All lines from the one containing "我國第一個(gè)飲用水水質" down to the one containing "GUCCI pocket Embroidery", both ends included, are to be given again exactly; omit the rest of the listing below.

**Entries supplied:**
==========

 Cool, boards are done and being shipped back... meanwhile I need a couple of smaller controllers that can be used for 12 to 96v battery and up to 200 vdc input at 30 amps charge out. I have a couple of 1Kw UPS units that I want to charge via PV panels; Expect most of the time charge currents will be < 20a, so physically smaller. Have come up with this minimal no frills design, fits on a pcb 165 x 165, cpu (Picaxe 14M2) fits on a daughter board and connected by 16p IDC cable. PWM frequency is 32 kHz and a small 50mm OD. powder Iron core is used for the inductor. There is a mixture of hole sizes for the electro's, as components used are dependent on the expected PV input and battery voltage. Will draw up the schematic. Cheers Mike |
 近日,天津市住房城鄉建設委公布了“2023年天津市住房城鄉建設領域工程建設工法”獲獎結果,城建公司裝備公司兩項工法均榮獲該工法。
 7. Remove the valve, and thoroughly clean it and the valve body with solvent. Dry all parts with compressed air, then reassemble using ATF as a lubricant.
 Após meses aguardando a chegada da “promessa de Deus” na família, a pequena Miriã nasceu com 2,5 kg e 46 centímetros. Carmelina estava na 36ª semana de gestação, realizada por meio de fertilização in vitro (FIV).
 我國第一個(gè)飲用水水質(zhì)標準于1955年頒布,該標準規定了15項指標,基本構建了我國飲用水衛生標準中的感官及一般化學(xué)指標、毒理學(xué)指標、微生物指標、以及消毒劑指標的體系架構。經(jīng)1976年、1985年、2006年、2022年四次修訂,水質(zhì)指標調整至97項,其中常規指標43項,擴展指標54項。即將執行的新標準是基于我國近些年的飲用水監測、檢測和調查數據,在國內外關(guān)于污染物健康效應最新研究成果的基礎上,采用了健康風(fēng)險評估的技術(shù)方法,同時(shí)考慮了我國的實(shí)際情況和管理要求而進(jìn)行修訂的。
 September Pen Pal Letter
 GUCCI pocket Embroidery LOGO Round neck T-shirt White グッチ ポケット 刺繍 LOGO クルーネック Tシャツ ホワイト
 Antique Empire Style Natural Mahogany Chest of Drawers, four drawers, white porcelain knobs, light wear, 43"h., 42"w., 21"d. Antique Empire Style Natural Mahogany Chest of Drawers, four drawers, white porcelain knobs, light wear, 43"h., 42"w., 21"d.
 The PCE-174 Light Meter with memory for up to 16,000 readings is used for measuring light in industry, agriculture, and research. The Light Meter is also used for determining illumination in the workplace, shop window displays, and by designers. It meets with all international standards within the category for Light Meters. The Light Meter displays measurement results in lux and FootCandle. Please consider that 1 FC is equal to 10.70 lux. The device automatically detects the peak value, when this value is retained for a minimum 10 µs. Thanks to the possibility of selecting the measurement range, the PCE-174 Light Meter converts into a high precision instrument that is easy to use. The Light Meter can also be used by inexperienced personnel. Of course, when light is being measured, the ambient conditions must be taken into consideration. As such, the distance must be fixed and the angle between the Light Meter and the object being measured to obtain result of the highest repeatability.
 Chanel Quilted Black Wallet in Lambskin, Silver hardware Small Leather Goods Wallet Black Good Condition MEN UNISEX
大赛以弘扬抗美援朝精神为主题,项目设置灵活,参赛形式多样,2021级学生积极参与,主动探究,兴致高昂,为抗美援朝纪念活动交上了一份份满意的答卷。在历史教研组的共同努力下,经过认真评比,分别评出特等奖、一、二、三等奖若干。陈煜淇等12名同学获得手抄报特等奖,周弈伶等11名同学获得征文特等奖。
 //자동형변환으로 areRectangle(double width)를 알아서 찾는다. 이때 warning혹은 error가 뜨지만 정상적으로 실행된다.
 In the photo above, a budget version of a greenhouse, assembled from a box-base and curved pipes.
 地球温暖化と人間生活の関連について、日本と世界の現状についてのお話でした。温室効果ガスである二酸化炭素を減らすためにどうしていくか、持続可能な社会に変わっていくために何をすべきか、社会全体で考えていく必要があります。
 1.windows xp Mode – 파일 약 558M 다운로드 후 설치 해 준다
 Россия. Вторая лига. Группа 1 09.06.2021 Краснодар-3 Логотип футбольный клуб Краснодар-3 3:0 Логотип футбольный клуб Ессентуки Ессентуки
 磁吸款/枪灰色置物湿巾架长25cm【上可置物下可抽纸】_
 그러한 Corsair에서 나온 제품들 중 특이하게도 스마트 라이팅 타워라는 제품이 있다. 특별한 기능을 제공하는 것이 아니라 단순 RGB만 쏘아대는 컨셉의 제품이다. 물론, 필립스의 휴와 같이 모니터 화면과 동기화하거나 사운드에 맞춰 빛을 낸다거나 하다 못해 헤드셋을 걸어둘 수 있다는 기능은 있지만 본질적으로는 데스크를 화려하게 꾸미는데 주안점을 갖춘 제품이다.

==========

**Answer below:**
 我國第一個(gè)飲用水水質(zhì)標準于1955年頒布,該標準規定了15項指標,基本構建了我國飲用水衛生標準中的感官及一般化學(xué)指標、毒理學(xué)指標、微生物指標、以及消毒劑指標的體系架構。經(jīng)1976年、1985年、2006年、2022年四次修訂,水質(zhì)指標調整至97項,其中常規指標43項,擴展指標54項。即將執行的新標準是基于我國近些年的飲用水監測、檢測和調查數據,在國內外關(guān)于污染物健康效應最新研究成果的基礎上,采用了健康風(fēng)險評估的技術(shù)方法,同時(shí)考慮了我國的實(shí)際情況和管理要求而進(jìn)行修訂的。
 September Pen Pal Letter
 GUCCI pocket Embroidery LOGO Round neck T-shirt White グッチ ポケット 刺繍 LOGO クルーネック Tシャツ ホワイト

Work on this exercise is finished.